» EXERCISE DATA
§
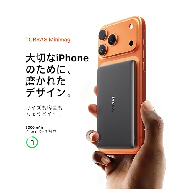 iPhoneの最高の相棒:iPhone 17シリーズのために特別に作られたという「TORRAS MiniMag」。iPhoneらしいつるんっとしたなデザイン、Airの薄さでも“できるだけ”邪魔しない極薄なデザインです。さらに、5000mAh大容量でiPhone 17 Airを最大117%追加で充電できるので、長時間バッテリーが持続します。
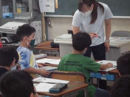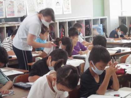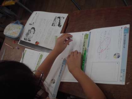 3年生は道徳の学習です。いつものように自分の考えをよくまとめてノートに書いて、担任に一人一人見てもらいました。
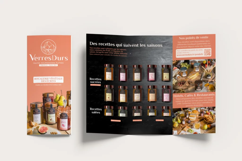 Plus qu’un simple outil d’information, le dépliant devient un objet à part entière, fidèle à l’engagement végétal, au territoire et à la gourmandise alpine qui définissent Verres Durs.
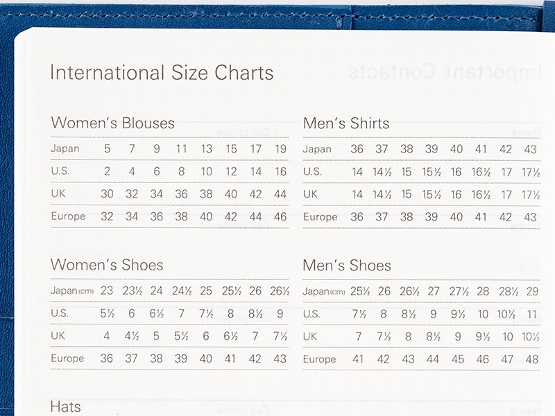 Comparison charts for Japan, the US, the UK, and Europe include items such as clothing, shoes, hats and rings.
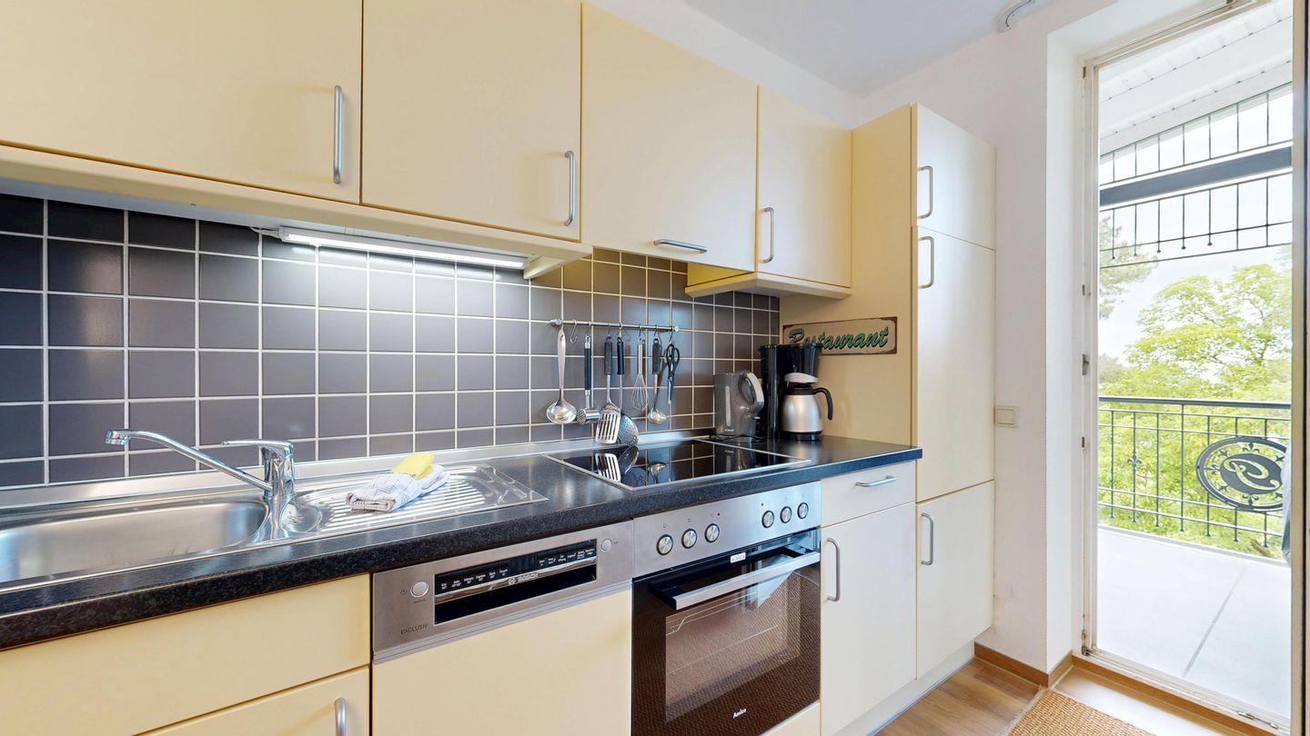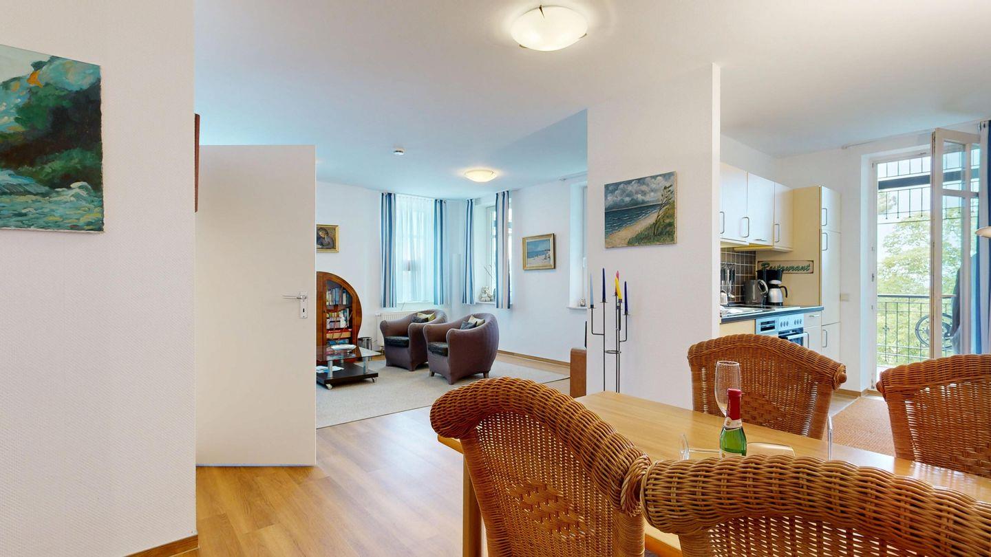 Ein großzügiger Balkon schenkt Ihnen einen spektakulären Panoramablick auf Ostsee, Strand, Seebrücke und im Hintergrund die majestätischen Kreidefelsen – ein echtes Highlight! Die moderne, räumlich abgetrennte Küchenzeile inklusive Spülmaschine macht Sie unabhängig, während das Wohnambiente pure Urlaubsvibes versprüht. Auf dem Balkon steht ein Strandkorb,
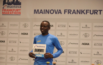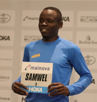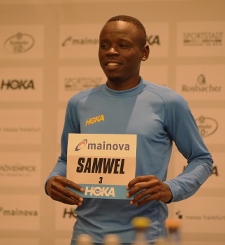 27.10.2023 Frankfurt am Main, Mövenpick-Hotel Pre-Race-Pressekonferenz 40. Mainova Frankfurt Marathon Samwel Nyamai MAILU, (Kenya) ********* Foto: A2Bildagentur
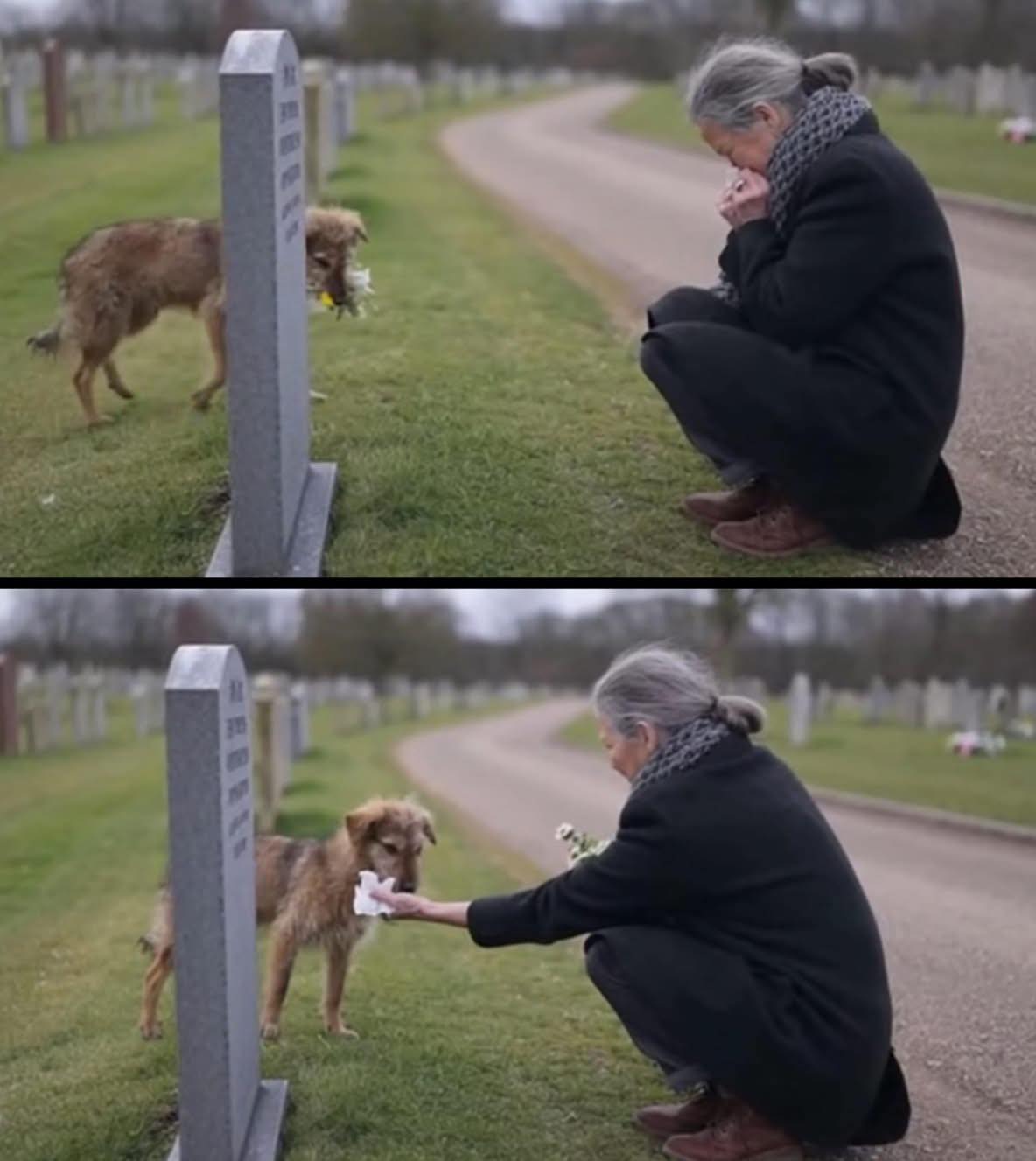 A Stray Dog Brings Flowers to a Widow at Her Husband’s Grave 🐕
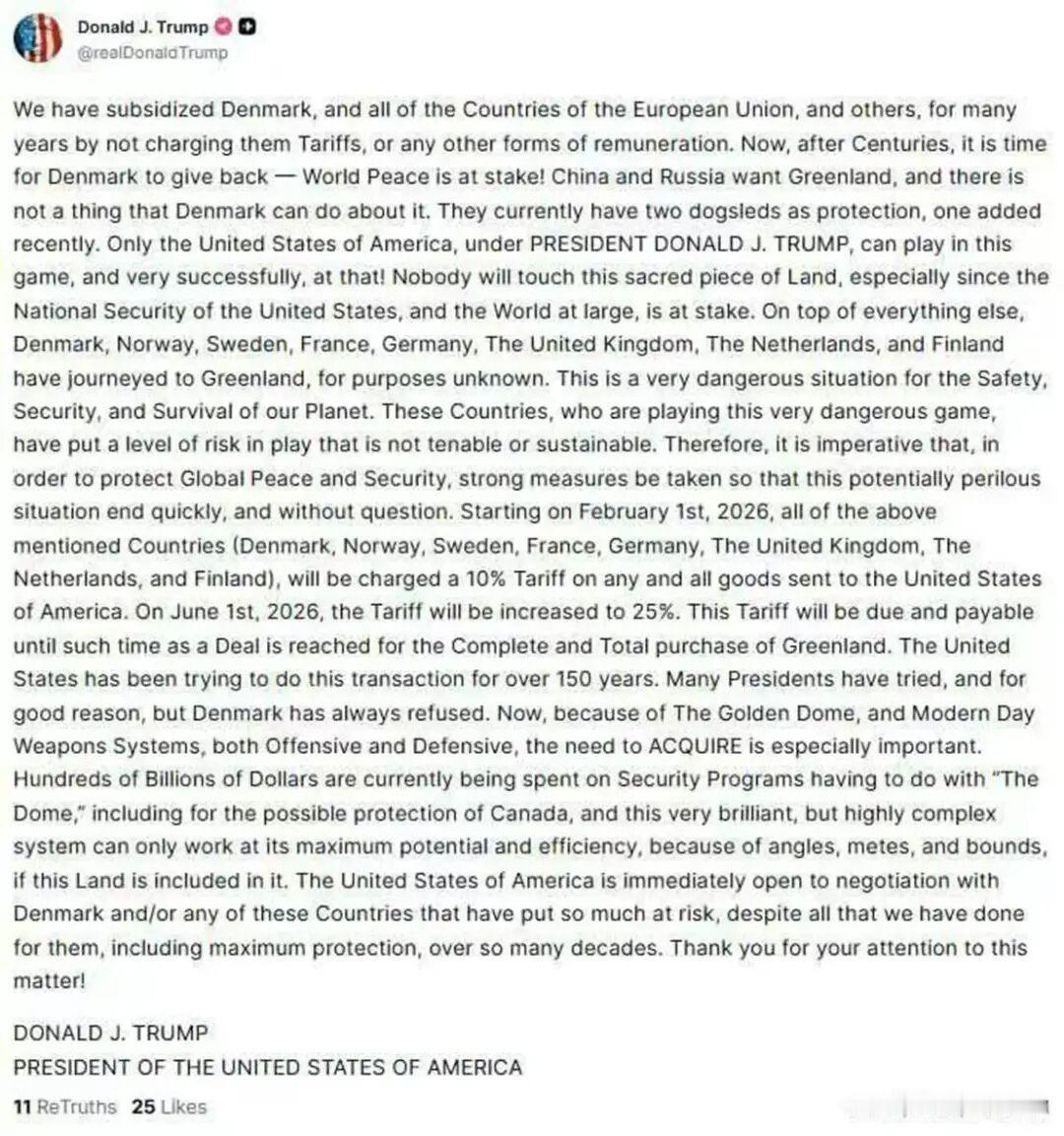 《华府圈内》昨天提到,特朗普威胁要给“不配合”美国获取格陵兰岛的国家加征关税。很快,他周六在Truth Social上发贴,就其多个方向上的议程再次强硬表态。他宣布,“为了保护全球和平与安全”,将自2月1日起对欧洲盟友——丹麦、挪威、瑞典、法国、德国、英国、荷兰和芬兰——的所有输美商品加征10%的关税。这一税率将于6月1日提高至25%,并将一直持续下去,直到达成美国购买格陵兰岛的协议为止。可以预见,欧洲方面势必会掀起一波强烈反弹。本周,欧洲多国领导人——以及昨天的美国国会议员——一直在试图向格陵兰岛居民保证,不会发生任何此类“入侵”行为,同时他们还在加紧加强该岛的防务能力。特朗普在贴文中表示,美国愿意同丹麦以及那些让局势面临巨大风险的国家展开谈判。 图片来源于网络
§
» WHAT NEEDS TO BE DONE
If a record holds a picture, leave that picture out; retype everything else exactly.

» OUTPUT
 iPhoneの最高の相棒:iPhone 17シリーズのために特別に作られたという「TORRAS MiniMag」。iPhoneらしいつるんっとしたなデザイン、Airの薄さでも“できるだけ”邪魔しない極薄なデザインです。さらに、5000mAh大容量でiPhone 17 Airを最大117%追加で充電できるので、長時間バッテリーが持続します。
 3年生は道徳の学習です。いつものように自分の考えをよくまとめてノートに書いて、担任に一人一人見てもらいました。
 Plus qu’un simple outil d’information, le dépliant devient un objet à part entière, fidèle à l’engagement végétal, au territoire et à la gourmandise alpine qui définissent Verres Durs.
 Comparison charts for Japan, the US, the UK, and Europe include items such as clothing, shoes, hats and rings.
 Ein großzügiger Balkon schenkt Ihnen einen spektakulären Panoramablick auf Ostsee, Strand, Seebrücke und im Hintergrund die majestätischen Kreidefelsen – ein echtes Highlight! Die moderne, räumlich abgetrennte Küchenzeile inklusive Spülmaschine macht Sie unabhängig, während das Wohnambiente pure Urlaubsvibes versprüht. Auf dem Balkon steht ein Strandkorb,
 27.10.2023 Frankfurt am Main, Mövenpick-Hotel Pre-Race-Pressekonferenz 40. Mainova Frankfurt Marathon Samwel Nyamai MAILU, (Kenya) ********* Foto: A2Bildagentur
 A Stray Dog Brings Flowers to a Widow at Her Husband’s Grave 🐕
 《华府圈内》昨天提到,特朗普威胁要给“不配合”美国获取格陵兰岛的国家加征关税。很快,他周六在Truth Social上发贴,就其多个方向上的议程再次强硬表态。他宣布,“为了保护全球和平与安全”,将自2月1日起对欧洲盟友——丹麦、挪威、瑞典、法国、德国、英国、荷兰和芬兰——的所有输美商品加征10%的关税。这一税率将于6月1日提高至25%,并将一直持续下去,直到达成美国购买格陵兰岛的协议为止。可以预见,欧洲方面势必会掀起一波强烈反弹。本周,欧洲多国领导人——以及昨天的美国国会议员——一直在试图向格陵兰岛居民保证,不会发生任何此类“入侵”行为,同时他们还在加紧加强该岛的防务能力。特朗普在贴文中表示,美国愿意同丹麦以及那些让局势面临巨大风险的国家展开谈判。 图片来源于网络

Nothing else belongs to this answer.